━━━━━ Given data ━━━━━

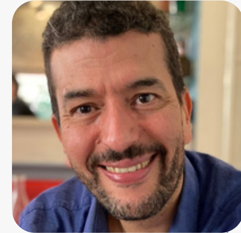
Head of Hepatic Oncology Unit AP-HP, Hospital Beaujon
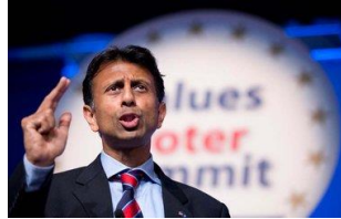
Bobby Jindal spends $73,000 in taxpayer funds on state police protection in Europe

"We believe Louisiana is the only U.S. state to succeed in arranging meetings with all of the top Cuban government ministries for which we requested an audience," Pierson said.
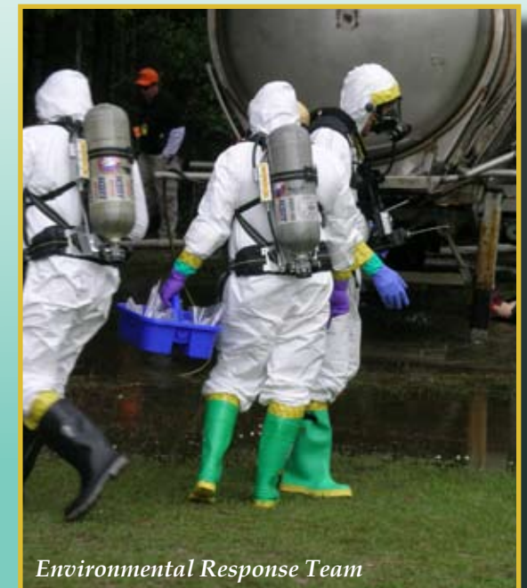
Environmental Response Team

The Environmental Response Team (ERT) is a multi-agency team that augments local and regional response capabilities to suspected criminal activity including potential terrorist events.
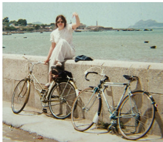
Me with our two bikes in Vigo

While docked in Sheerness waiting to sail on our second trip on the Tongariro, we nipped into Rochester and purchased two bicycles, which we took on board and stored in the engine room cross alleyway. They came half way round the world and back with us. I've cycled in Bermuda, Australia, New Zealand and Holland, sometimes with Colin, often alone. The freedom was wonderful. It's amazing how much you can see on a bicycle that goes un-noticed in a car. In the port of Vigo, Western Spain, after a good long cycle we left our bikes outside a bar/restaurant and went inside for some dinner. This was not a tourist area. Nobody spoke any English, we spoke no Spanish, and all we recognised on the menu was 'Paella'. The middle-aged, floral-aproned maitre'd shook her head vigorously, and using sign-language told us there was no Paella on today. She was adamant. "NO Paella!" We begged, we pleaded, we almost got on our knees. "NO PAELLA!" We were
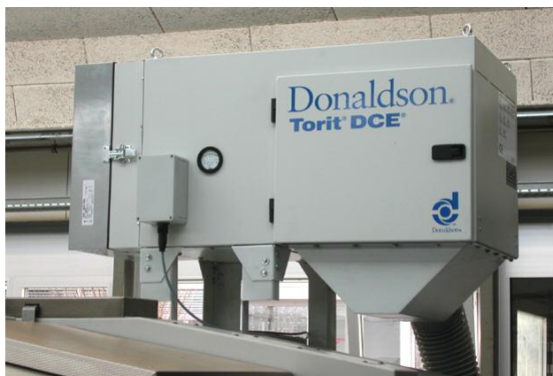
Collet oil cleaning unit

In the last six months we have continued to invest in our CNC machines! In the middle of October 2006, a new and fully equipped DECO 2000/13 was put into service, including a 350 bar high pressure pump, thread-whirling device, high-frequency spindles and collet oil cleaning unit. In addition to this, we have also upgraded two further CNC machines with collet oil cleaning units.
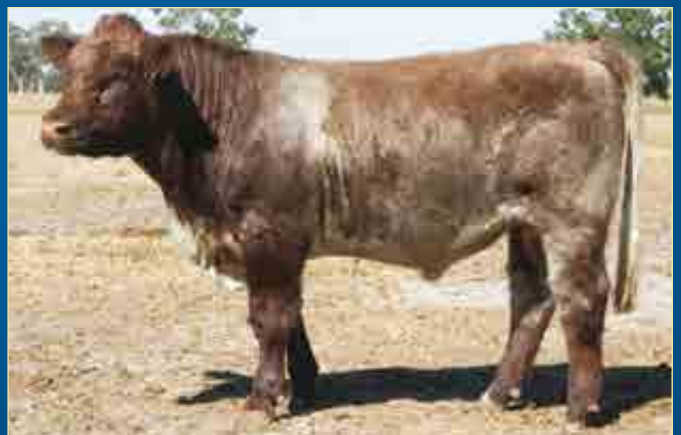
Lot 34 Belmore Infinity U230
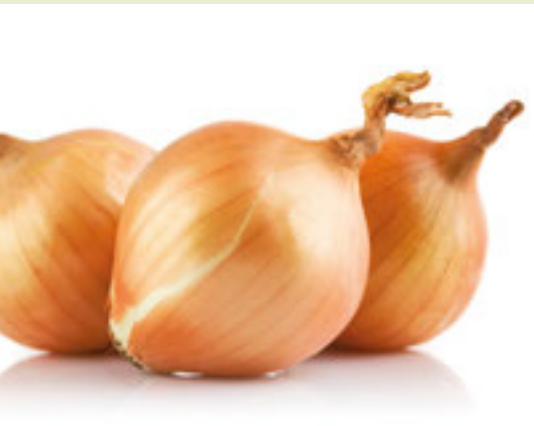
51287 Onions, Cooking
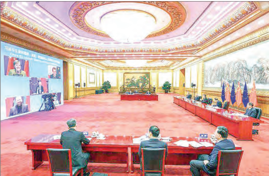
Chinese President Xi Jinping meets German Chancellor Angela Merkel, French President Emmanuel Macron, President of the European Council Charles Michel and President of the European Commission Ursula von der Leyen via video link in Beijing, capital of China, Dec. 30, 2020.

CHINESE President Xi Jinping and European leaders on Wednesday announced that the two sides have completed investment agreement negotiations as
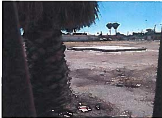
Structure removed adjacent to Obershaw after demolition

There are currently three (3) Passport participants enrolled in the program.

━━━━━

• What the task requires: Please return exactly the lines above, from where the listing starts to the line holding "Me with our two bikes in Vigo", inclusive, with the pictures omitted.

• Result for this exercise:
Head of Hepatic Oncology Unit AP-HP, Hospital Beaujon
Bobby Jindal spends $73,000 in taxpayer funds on state police protection in Europe

"We believe Louisiana is the only U.S. state to succeed in arranging meetings with all of the top Cuban government ministries for which we requested an audience," Pierson said.
Environmental Response Team

The Environmental Response Team (ERT) is a multi-agency team that augments local and regional response capabilities to suspected criminal activity including potential terrorist events.
Me with our two bikes in Vigo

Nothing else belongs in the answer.